Pin Therapeutics advances TPD clinical development, eyes solid tumor

Despite a challenging investment climate, South Korea-based Pin Therapeutics has drawn significant funding and is moving forward with clinical development of its targeted protein degrader (TPD) pipeline. The company is leveraging its proprietary molecule glue degrader (MGD) technology, which improves on limitations of first-generation PROTACs, to develop treatments for solid tumors -- a market significantly larger than that of hematologic cancers.

Pin Therapeutics has raised 68.3 billion won ($48.3 million) from major Korean venture capital firms including KB Investment and Korea Investment Partners. With these funds, the company has completed key research milestones and is accelerating drug development with an initial public offering (IPO) targeted for 2026. Korea Investment & Securities has been appointed as lead manager. Korea Biomedical Review spoke with CEO Jo Hyun-sun about the company's TPD strategy and its commercialization roadmap post-IPO.

PIN-5018 begins phase 1 targeting solid tumors, starting with colorectal cancer

Pin Therapeutics recently received FDA clearance for a phase 1 clinical trial of its lead candidate, PIN-5018. The company plans to submit a similar IND application to Korea’s Ministry of Food and Drug Safety (MFDS) this year to support global clinical development.

“We hope to begin dosing the first patient in August, with the trial enrolling around 40 patients with solid tumors,” Jo said. “We expect early clinical data by the second or third quarter of next year, which will form the basis for discussions on potential technology transfer with global pharmaceutical partners.”

PIN-5018 is a TPD-based candidate targeting casein kinase 1 alpha (CK1α), a serine/threonine kinase involved in critical cellular processes such as cell cycle regulation, DNA repair, and immune response. Given its association with key cancer survival pathways including p53 and Wnt signaling, CK1α was selected as a high-potential therapeutic target.

The initial indication under development is colorectal cancer, where current immunotherapies have shown limited efficacy and widely used drugs such as Avastin, Erbitux, and Braftovi suffer from low response rates. Pin Therapeutics aims to address this unmet need.

“Our preclinical data show that PIN-5018 performs better than existing first-line treatments,” Jo noted. “We're focusing on MSS-type colorectal cancer, which accounts for 75 percent of cases, and we aim to validate markers that support combination use with approved therapies to position PIN-5018 as a first-line option.”

The company also plans to expand indications to include salivary gland and prostate cancers, aiming to broaden the market potential of its pipeline. PIN-5018 is an orally administered, once-daily formulation, which the company sees as a key advantage over conventional injectable therapies.

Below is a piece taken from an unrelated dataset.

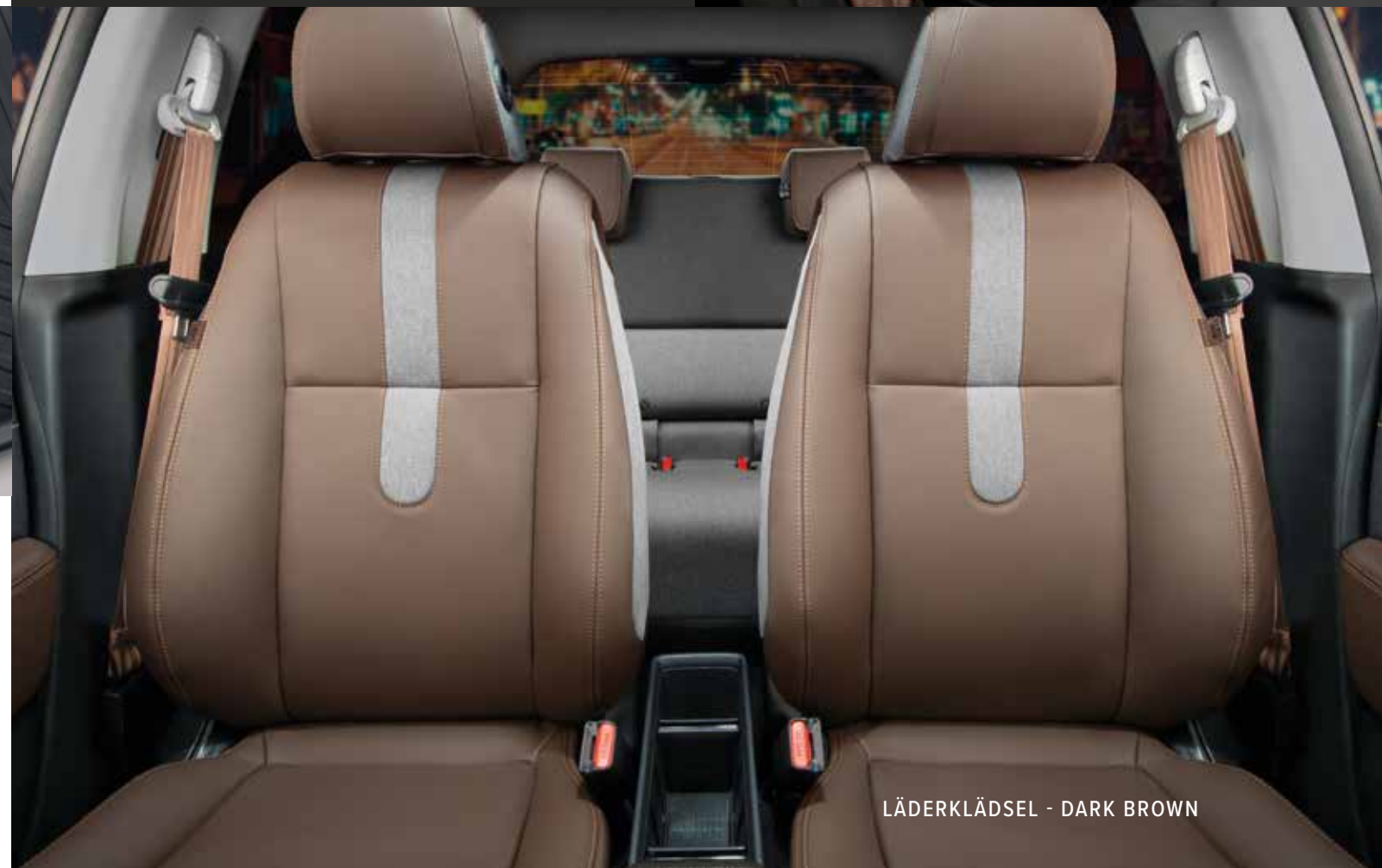
LÄDERKLÄDSEL - DARK BROWN

Detta paket erbjuder maximalt skydd för din Honda e mot livets utmaningar. Paketet innehåller: Vändbar bagagerumsmatta, gummimattor fram och bak, skydd för laddningslocket och skyddsfilm för laddningsporten.

“The drug’s oral formulation, with bioavailability between 80 and 120 percent, offers both convenience and strong therapeutic potential,” Jo said. “Its high solubility also contributes to lower production and quality control (CMC) costs, which will be critical during commercialization.”

Building a DAC payload platform for sustainable commercialization

Recognizing that Korean biotech companies often rely on licensing and collaborative research for revenue generation, Pin Therapeutics has also developed a degrader antibody conjugate (DAC) platform to support long-term R&D commercialization.

While antibody and linker technologies in ADCs are well-established, Jo pointed out that innovation in payloads remains limited.

“Global pharma is investing heavily in ADCs, and we believe payload innovation is the next frontier,” Jo said. “Current ADCs mostly use cell cycle-based payloads, which often result in hematologic toxicity.”

Jo cited Enhertu, a leading ADC, as an example: “ADC blockbuster drug Enhertu has a variety of hematologic side effects in its payload with mechanisms including microtubule inhibitors, topoisomerases, and DNA damage inducers, with grade 3 or higher neutropenia and lymphopenia as major adverse reactions.”

To address this, Pin Therapeutics developed a DAC platform focused on identifying TPD-based payloads with minimal hematologic toxicity.

“Our payloads offer unique organelle targeting, enabling protein degradation at multiple intracellular sites such as the cytosol, trans-Golgi network, and membrane proteins,” Jo explained. “We believe this opens the door to expanding the range of druggable targets and are conducting additional validation to further enhance the platform.”

He added, “We are already in co-development discussions with partners based on this DAC payload platform. Given the lower toxicity profile, we see strong potential for collaborations with domestic and global companies pursuing ADC pipelines.”

Jo founded Pin Therapeutics in 2018. He holds degrees in life sciences and chemistry from Seoul National University, where he also earned a PhD focused on obesity and diabetes research. He completed a postdoctoral fellowship at the University of California, San Francisco (UCSF), and later founded Embedbio in Silicon Valley.